We next investigated whether binding to one key protein, endogenous laminin, was important for initial hESC adhesion and survival. Functional inhibition of laminin in fibrous scaffolds treated with PDL or Matrigel and 2-D controls treated with Matrigel all demonstrated decreased numbers of viable cells relative to Isotype controls. While this is expected in Matrigel-treated substrates (which contain high levels of laminin), inhibition of hESC survival in PDL-treated scaffolds suggests that binding to endogenously produced laminin is critical to hESC survival.

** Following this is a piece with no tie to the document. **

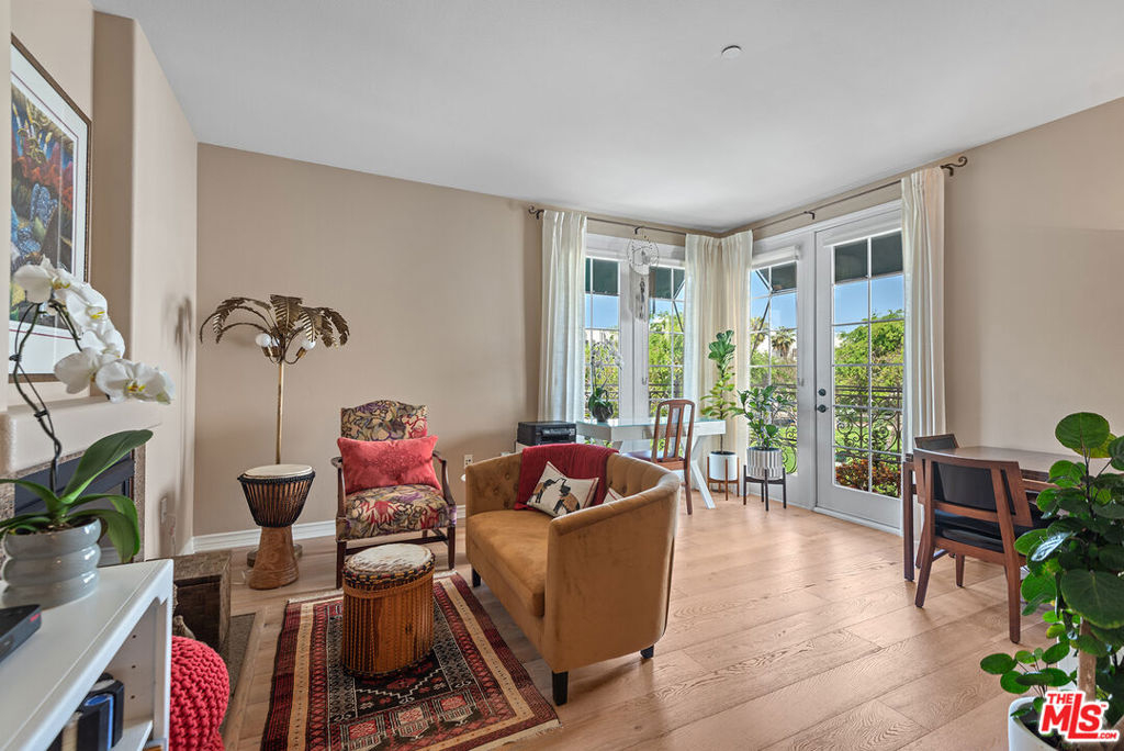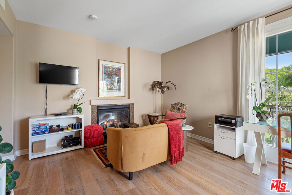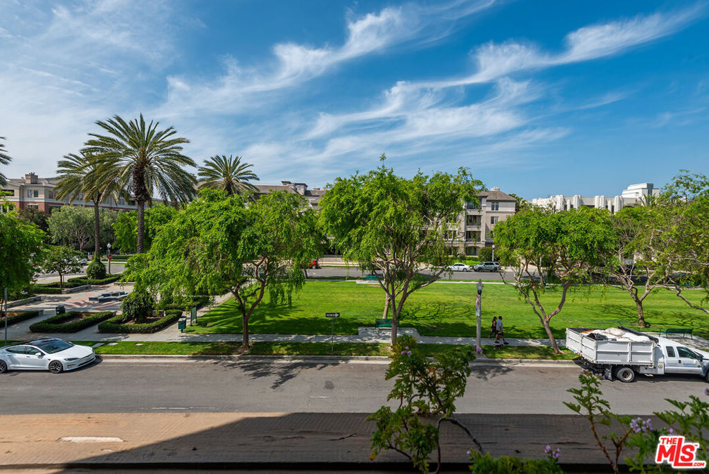 A one-of-a-kind, two-story corner residence with sweeping Crescent Park views from nearly every room, nestled in the heart of Playa Vista. Situated in the highly sought-after Villa d'Este, this bright and elegant residence spans approximately 1,980 square feet and offers 3 bedrooms and 3 bathrooms. Enter on the main level to find a beautifully updated chef's kitchen featuring stainless steel appliances, abundant cabinetry, generous counter space, and an eat-in bar. The kitchen flows seamlessly into the dining area with wide plank light hardwood floors. Adjacent to the dining room is the sophisticated living room with a double-sided fireplace and a wall of glass doors opening onto a private, spacious balcony-perfect for enjoying the coveted indoor-outdoor lifestyle and stunning park views. On the other side, a lovely family room showcases hardwood floors, a fireplace, and corner glass doors with a wrap-around Juliet-style balcony, which floods the space with natural light. The oversized primary suite is a true retreat, highlighted by soaring ceilings, a wall of arched windows overlooking the park, a walk-in closet, and a spa-like en suite bathroom with dual vanities, a glass shower, a soaking tub, and an adjacent cozy library. From the library, ascend to the upper level to find an additional bedroom with pitched ceilings and its own spacious en-suite bathroom. Additional features include a third well-appointed bedroom and bathroom, in-unit laundry, ample storage, high ceilings, tons of windows and natural light, and three private parking spaces. All of this in a prime Playa Vista location, just moments from The CenterPointe Club, The Resort, Runway shopping, and so much more.

Carlson further investigated the range of hESC behaviors that could be demonstrated within these exogenous matrix-free substrates. He assessed hESC proliferation and self-renewal after 7 and 14 days within our scaffolds and found that two different hESC lines displayed similar proliferation and similar levels of pluripotency markers and pluripotency genes to 2-D Matrigel controls. Finally, he demonstrated directed differentiation in situ to neuronal cells, hepatic lineage cells, and smooth muscle cells similar to Matrigel-treated controls. This demonstrates that endogenous ECM is sufficient for hESC self-renewal and directed differentiation within synthetic 3-D microenvironments.
Address Goals
There are several potential applications and implications for this work related to both the DISCOVERY goals and RESEARCH INFRASTRUCTURE goals. First and foremost, this work demonstrates that 3-D microenvironments can obviate the need for complex ECM pretreatments traditionally required for hESC culture and differentiation. Eliminating such ECM from hESC substrates is an important step towards improving the reproducibility and clinical relevance of hESC culture systems. This system thus may further be developed into a synthetic substrate for hESC expansion/propagation. In addition, our differentiation studies suggested that the matrix composition of the substrate can influence differentiation to different lineages. Further optimization could yield improved protocols for efficient generation of differentiated cells for various applications. This system is particularly amenable to regenerative medicine, since scaffolds containing differentiated cells can potentially be direct transplanted in vivo. In addition, as the Rutgers team has recently demonstrated that iPSCs behave similarly to hESCs within our PDL treated fibrous scaffolds, this system may be adapted as a tool for in vitro disease modeling via patient-specific iPSCs or in vitro drug screening or toxicity testing for a variety of applications in a more “in vivo-like” 3-D microenvironment.